Autism's False Prophets: Bad Science, Risky Medicine & The Search For A Cure

P.A. Offit

John Wiley & Sons Ltd (2008)

This book reaches far beyond microbiology. It reviews aspects of the distressing story of autistic children, their emotionally and financially exhausted, totally desperate parents, and of interest groups trying to pinpoint an external cause of autism and to pursue class-action lawsuits. Autism is a severe impairment of social interaction abilities of young children who develop aggressive behaviour or 'walk as if in a shadow, and live in a world of their own where they cannot be reached'. Much work has gone into researching the cause(s) of this devastating condition. In the late 1990s, some doctors in the UK came up with the theory that the measles mumps rubella (MMR) vaccine may be one of the causes of autism, and vigorous publication of this claim led to a significant decrease in vaccine uptake and to small outbreaks of measles, a vaccine-preventable disease, including a few deaths. It took many large epidemiological studies before the theory was finally repudiated. The discovery of the vested interests of the researchers involved did not help their case.

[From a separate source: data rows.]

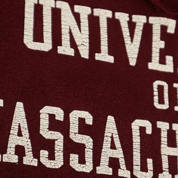 コメント:90年代Champion社製リバースウィーブのスエットフーディーです。 マサチューセッツ大学の物で、スクールカラーのマルーンボディ。 胸にバランスよく3段でプリントが入っています。 チャンピオンのフードは小さめなので、パーカーだと襟元が切られている事が多いですよね。 自分で切るのが抵抗ある方は、切られている物を選べば着用しやすく、しかもこなれた感じにも見えます。
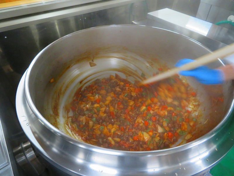 今日は初めて生地からカレーパンを作りました。調理員さんは、何度も試作
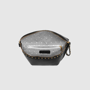 Crafted with a pebbled vegan leather exterior and designed with clean, minimal lines, the Cassidy offers just the right amount of space for your phone, keys, and daily essentials. It features a secure top zip closure, a front zip pocket for easy access, and a comfortable adjustable strap that allows for versatile styling, wear it around your waist or crossbody.
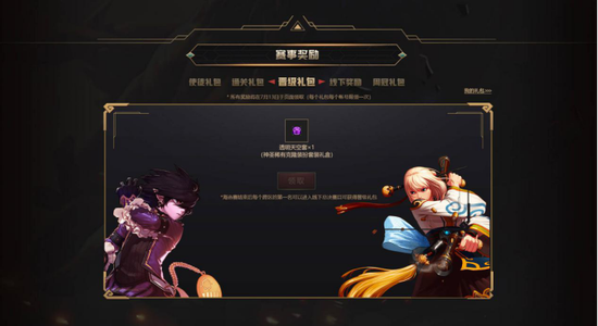 所有晋级成功的参赛队伍成员均会获得官方送出的透明天空套奖励(神圣稀有克隆装扮套装礼盒),而没有顺利晋级的勇士们也不用灰心,根据每支队伍的竞速时间不同,也会匹配相应的奖励。
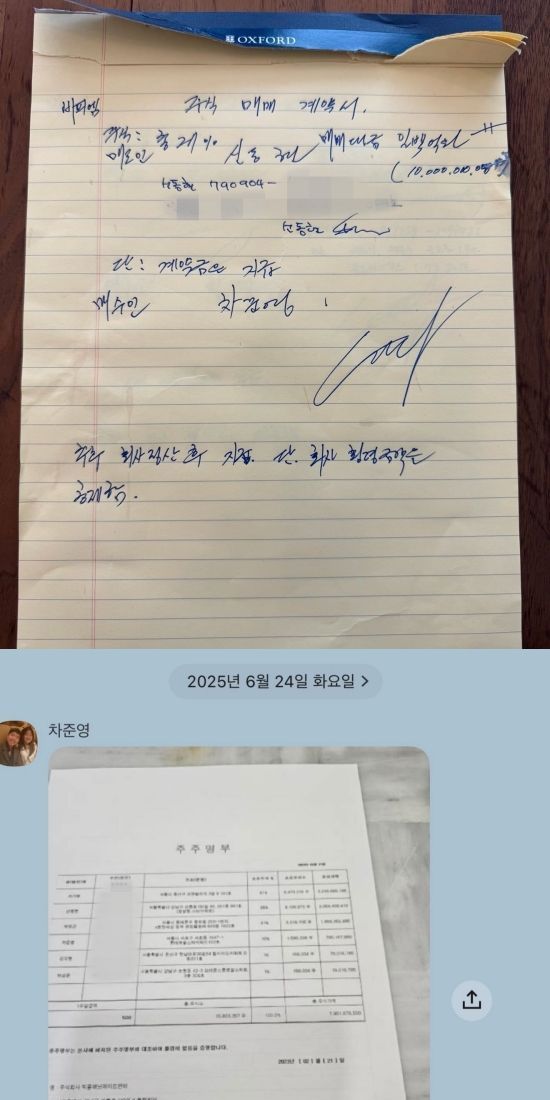 MC몽이 공개한 사진에는 자필로 작성한 듯한 MC몽과 차 씨의 주식 매매 계약서, 차 씨가 보냈다는 메시지, 그리고 차가원 대표와 나눈 개인 대화 캡처가 담겼다.
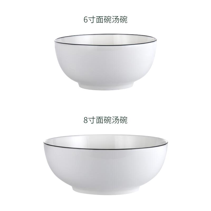富诚行 黑边陶瓷面碗汤碗 1个装 8英寸
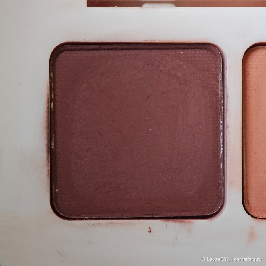 Тёмный коричневый матовый, сухой, очень пигментированный, при неаккуратном нанесении может осыпаться. Растушевать его можно, но не так просто, в основном я обращаюсь с этим оттенком так: либо набираю на кончики ворсинок плоской кисти и затемняю ресничный край, прикладывая кисть, без движения в стороны, либо набираю так же на кончики ворсинок пышной кисти и прикладываю к веку, стараясь создать равномерное покрытие, а после растушёвываю его, а края разбавляю одним из оставшихся матовых из палетки. Единственный холодный оттенок в тёплой палетке.

But the damage was done. Parents, mistrusting vaccinations, were looking for other possible causes, and thimerosal, a mercury-containing disinfectant added to many vaccines, was accused as another possible culprit. The discussions became increasingly heated and political, and again years passed before the results of large epidemiological studies abrogated this hypothesis. The observation that within a period of 6 years when thimerosal had been removed from vaccines in several countries, the numbers of local cases of autism did not drop, but rather increased, was the final counterargument. The book contains an impressive chapter in which the proceedings of a court case on MMR vaccine as a possible cause of autism with all its ramifications (personal tragedy, heated accusations and replies, cross-examination of witnesses, etc.) are described. Furthermore, many therapies of autism were found to be 'diverse, expensive, and unproven'. Doctors using them were accused of working up parents who were 'hooked on hope'.

The book discusses interrelationships between science and the media, science and society and the difficulties of achieving a public understanding of science in matters which are loaded with emotions. Whilst the stories of claims of and objections to theories of the cause of autism and the description of various cures offered to treat autism make fascinating reading, I felt that the evaluation of credible causes of autism (chapter 11) was not comprehensive.

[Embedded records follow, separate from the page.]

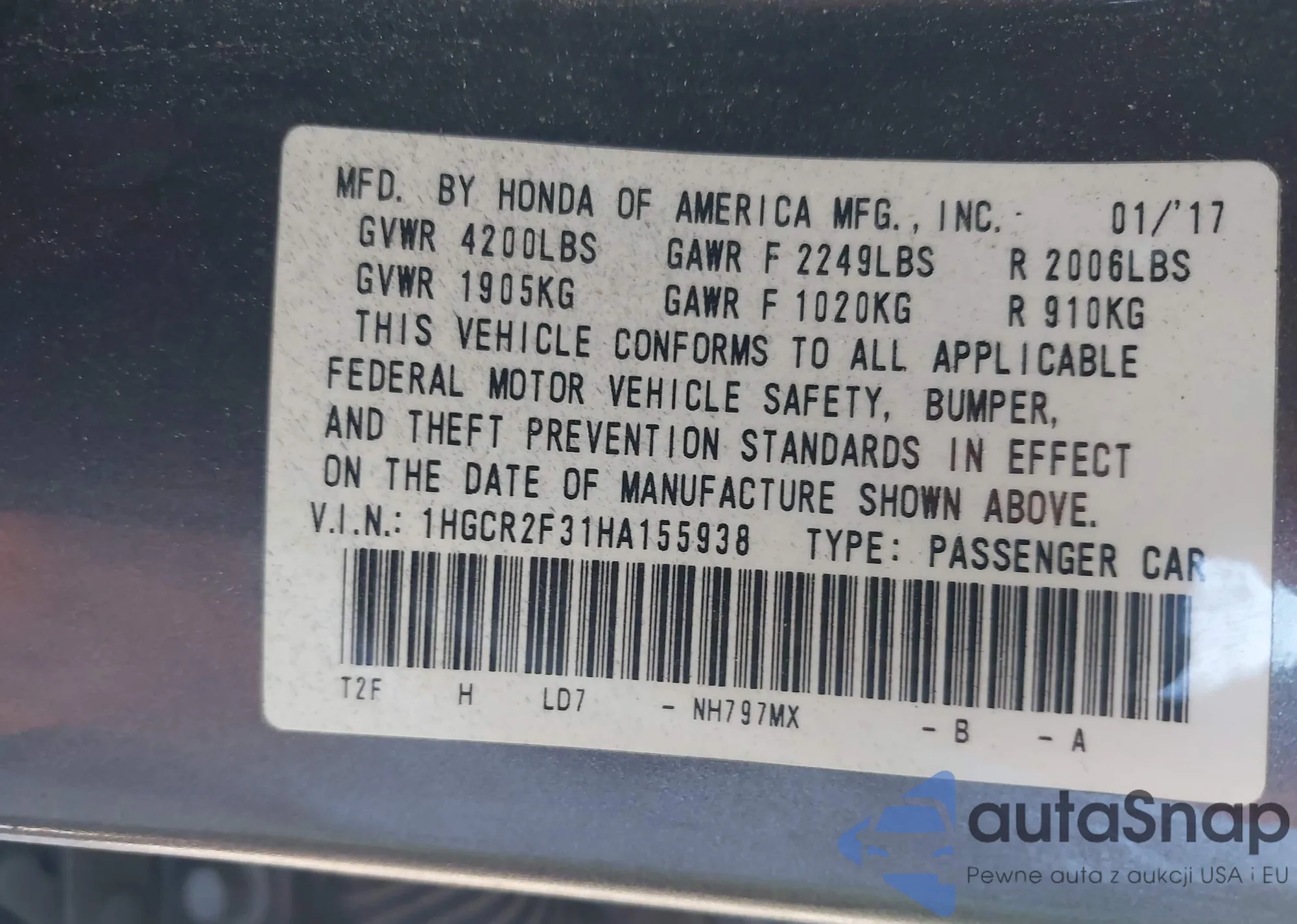 VIN: 1HGCR2F31HA155938
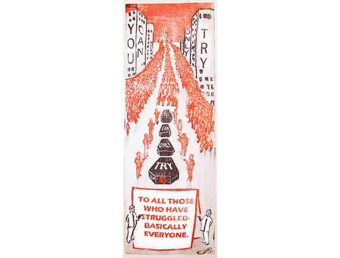 Artist Statement: You Can Only Try is both: a re-make, & an homage to, a wood engraving by the artist Adeline Cross-Ericsson. The subject, taken from Adeline Cross- Ericssons print is a funeral procession down Market Street during 1934 general Strike in San Francisco. In retrospect,this event is thought to have been a landmark for the labor movement in San Francisco.
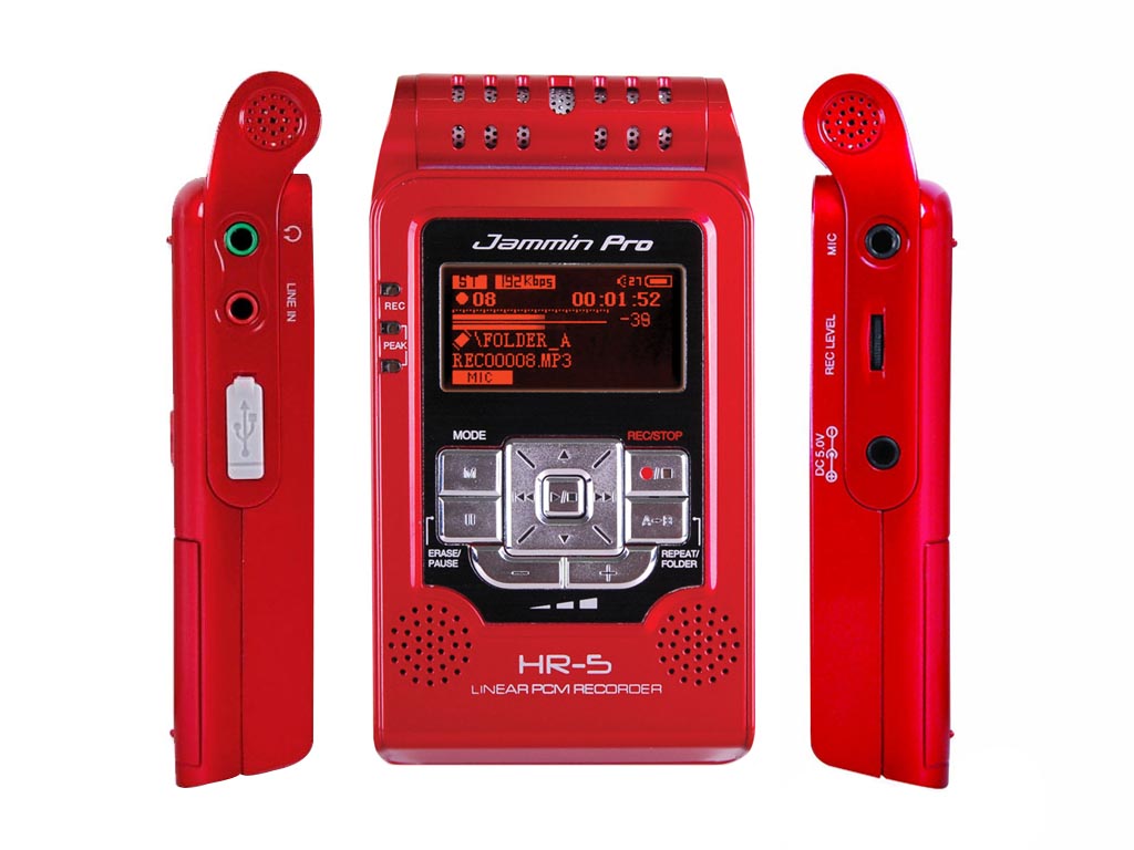 JamminPro HR5 è un registratore digitale stereo portatile e ultracompatto adatto a registrazioni vocali o musicali di qualità. E' dotato di una memoria interna HDD da 2GB, capace ci contenere più di 35 ore di registrazione e supporta card SD/SDHC ad alta capicità. E' possibile registrare con risoluzione a 24-bit ed un ampia gamma dinamica ( frequenze di campionamento fino a 96 Khz ) che garantiscono una definizione più che doppia rispetto a quella ottenibile con un CD Audio. HR5 monta un doppio microfono a condensatore per l'effetto stereo e un piccolo speaker stereo ottimizzato per monitorare le proprie registrazioni. Completano il prodotto funzioni come Auto Gain Control ( in presenza di volume troppo basso ne viene innalzato il livello automaticamente ), indicatori di livello e di picco e la funzione VOX (Voice Activated Recording) che fa attivare il registratore al verificarsi di un evento sonoro superiore a una soglia prefissata.

Paul Offit is very perceptive on issues at the interface of medicine, science, public health and the law. He is determined to mediate mutual understanding among representatives of different perspectives by describing the backgrounds and basis on which people operate and act. Dr Offit's great abilities in this respect were already obvious in his engaging books The Cutter Incident and Vaccinated.

It is highly desirable that this book gains a wide readership among health care workers of all specialties, scientists in academia, government and industry, public health opinion leaders, lawyers, interested students of the biomedical sciences, and, last but not least, members of the wider public.